Korean flagship expands fleet despite worldwide supply chain problems
Today marks the first day for HMM in THE Alliance. The Korean flagship joins Hapag-Lloyd, Ocean Network Express (ONE) and Yang Ming in the grouping that operates combined services on the main east-west trades.
Having skirted with bankruptcy four years ago, HMM was shunned from becoming a full member of any of the new three main alliances for a period of time, instead hooking up with Maersk and MSC in a vessel sharing agreement that came to a close yesterday.
Expanded fleet
Jae Hoon Bae, president and CEO of HMM, commented yesterday: “HMM will continue to expand its business coverage and develop more capabilities to successfully serve our valued customers.”
HMM is in the midst of taking a series of giant 23,000 teu newbuilds that will see it surpass new alliance partner Yang Ming into seventh spot in the global liner rankings.
THE Alliance is monitoring volumes and has slashed services dramatically in recent days, taking out more than a fifth of its services from Asia to Europe this month with more cutbacks expected to be announced soon.

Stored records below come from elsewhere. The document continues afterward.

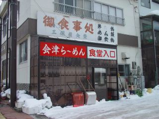 会津田島駅で途中下車。日陰はかなり寒い。雪に被われた歩道をゆっくり歩き旧南会津郡役所の建物を見学した後、偶然見つけたこの店に入る。まさに駅前食堂といったロケーション。素朴な感じに心が踊る。町の食堂兼飲み屋といった趣で、もつ煮込みなどのつまみはアルコールもメニューもある。テレビでは東京国際マラソンの実況中継が誰が見ているわけでもなく流れている。「もつ煮込みとビール」といきたかったが自重してラーメンを注文。
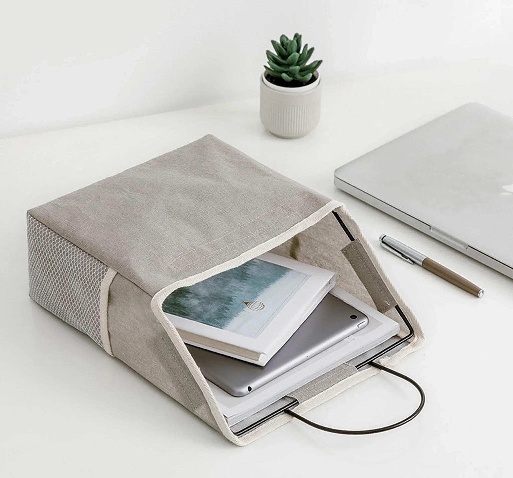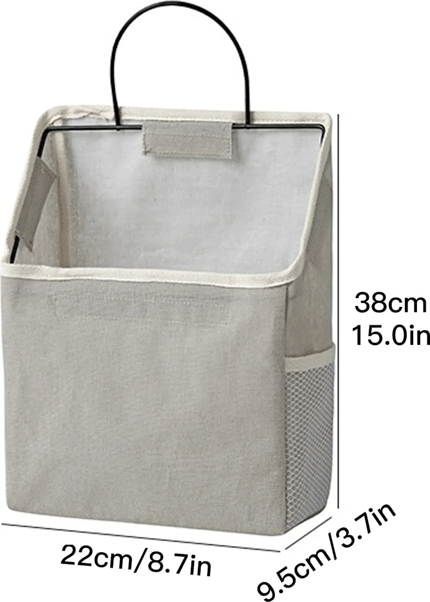 Das robuste Baumwoll-Leinen-Material ist langlebig, atmungsaktiv und pflegeleicht. Ein großzügiges Hauptfach sowie zwei seitliche Netztaschen bieten viel Platz für Bücher, Kosmetik, Spielzeug, Küchenutensilien oder Snacks. Bei Nichtgebrauch lässt sich der Organizer einfach zusammenfalten.
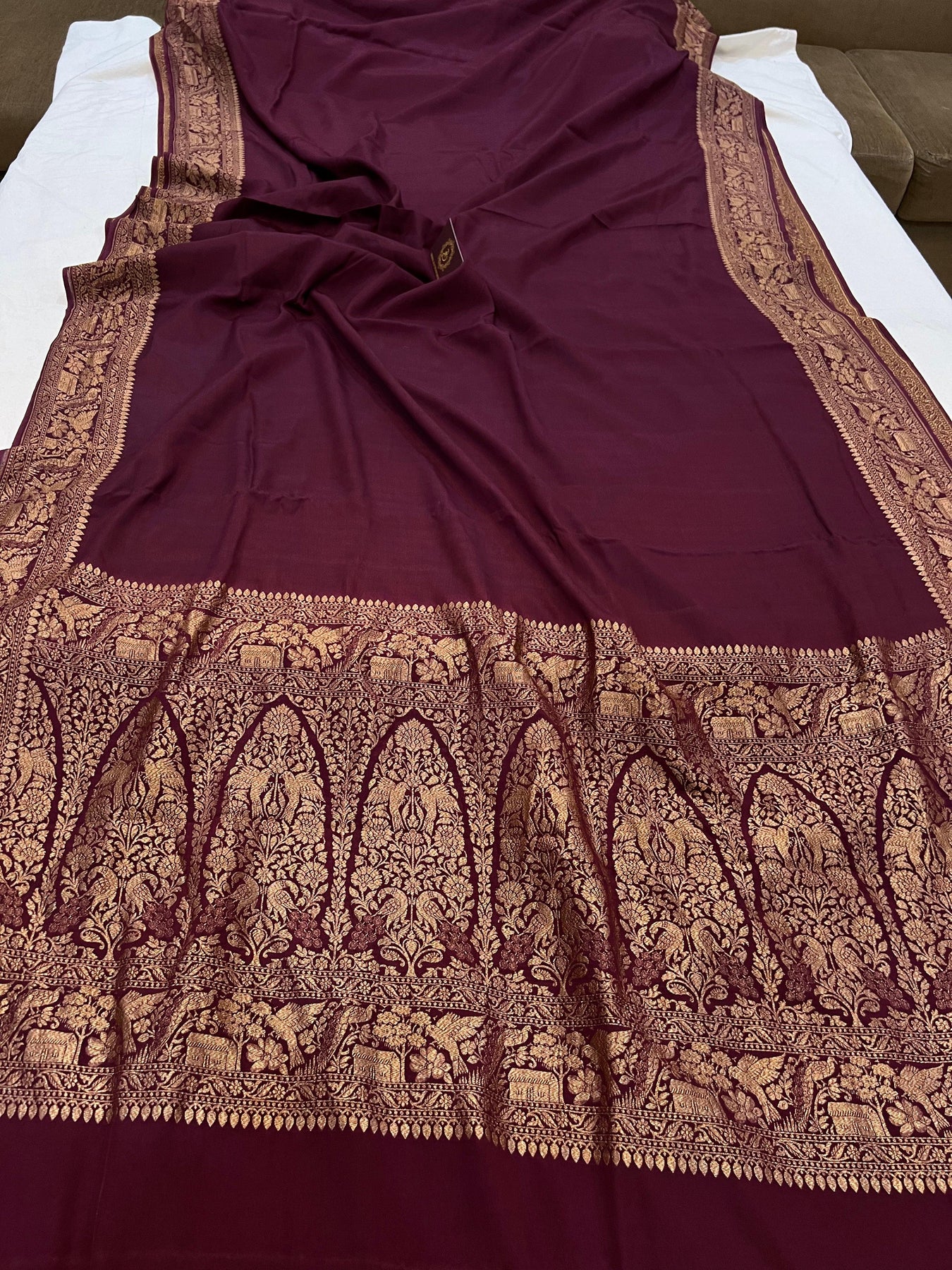 Brown Pure Banarasi Khaddi Crepe Silk Saree
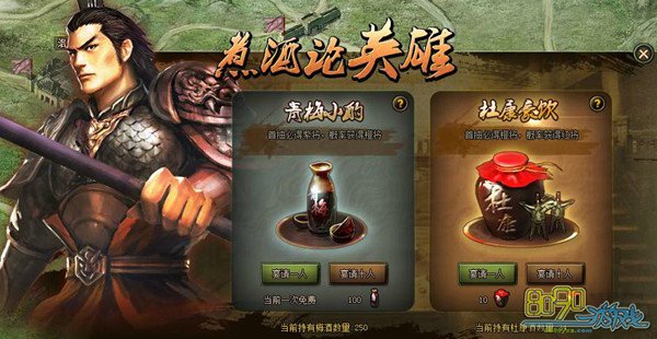三国以武将为名,煮酒论英雄是游戏中着重获得武将途径,煮酒分为青梅小酌、杜康豪饮。
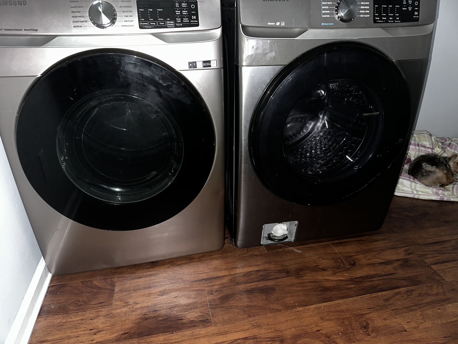 Used , Dryer is controllable from your smartphone through the samsung app /bluetooth. Dryer is champange color and washer is gray.
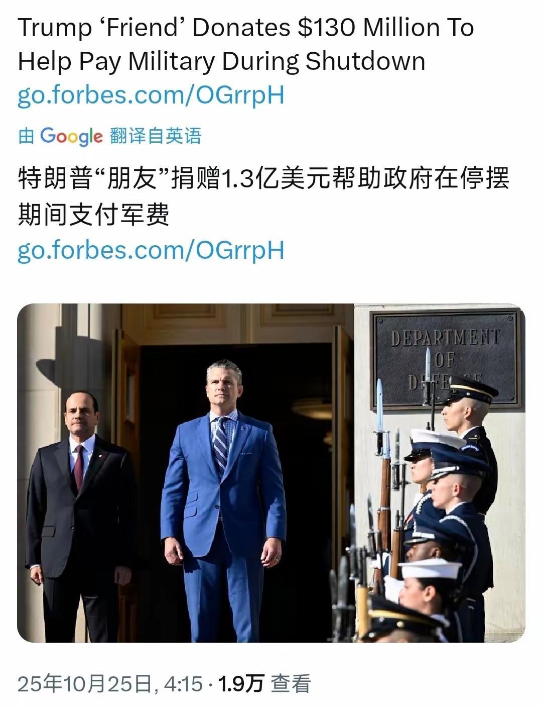 美媒:“特朗普‘朋友’捐赠1.3亿美元帮助政府在停摆期间支付军费。” 堂堂美利坚,在川普的领导下,竟然要他的富豪朋友“捐款”给军人发工资,再次富有、再次强大的美利坚哪里去了?讲真,富豪的眼力劲是真不错,投桃报李啊,道理他们都懂,川普随便画个线,他们分分钟N亿美元到账。
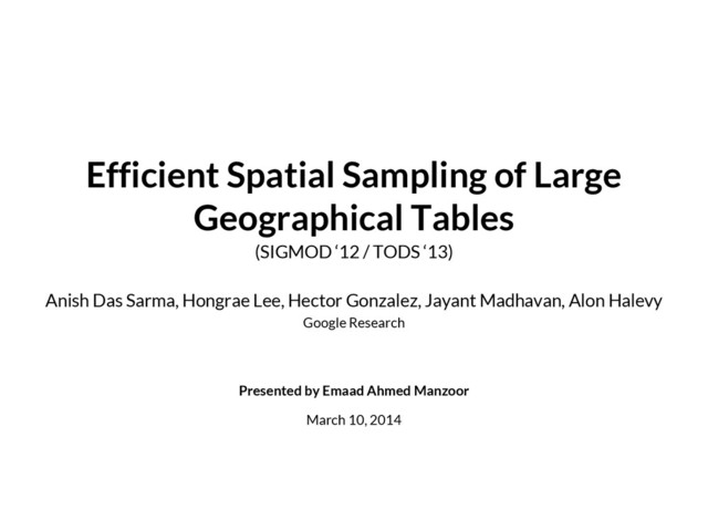 90-minute presentation at the InfoCloud (cloud.kaust.edu.sa) group meeting, on "Efficient Spatial Sampling of Large Geographical Tables" by Anish Das Sarma et al., published in SIGMOD '12 and TODS '13.
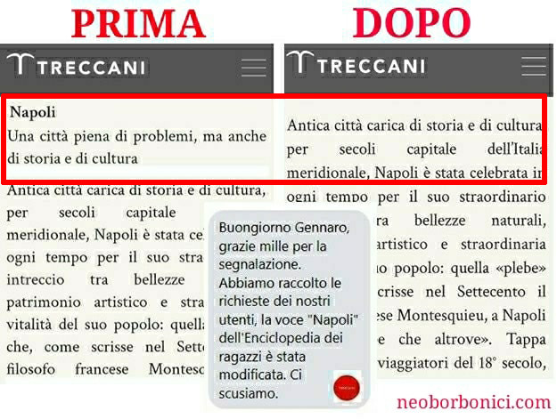 A essere soddisfatto è in particolar modo il presidente dei neoborbonici, Gennaro De Crescenzo, che su Facebook ha aggiunto: “Restano diverse notizie non condivisibili sui “sovraffollamenti” (tipici di altre città) o sulla “criminalità” (diffuse dappertutto) ma resta, grazie a tutti noi e a tutti voi, la soddisfazione di aver ricevuto le scuse e di aver cancellato un “titolo” che ha fatto e avrebbe fatto danni all’immagine della nostra capitale e di una delle città più belle del mondo. È anche così ed è anche combattendo contro luoghi comuni e preconcetti che, prima o poi, si risolveranno le questioni meridionali… Andiamo (ovviamente) avanti!”.

“Extreme supply chain problems”
The scale and the speed of the service cutbacks by global liners is unprecedented.
The status as of early Wednesday morning in Europe is that 102 deepsea services have been blanked by the world’s carriers on multiple trades. This is up from 45 just two days ago and up from two blank sailings due to the pandemic just 10 days ago.
“The speed with which demand has declined creates supply chain problems we have not experienced before,” Lars Jensen from SeaIntelligence Consulting wrote on LinkedIn today.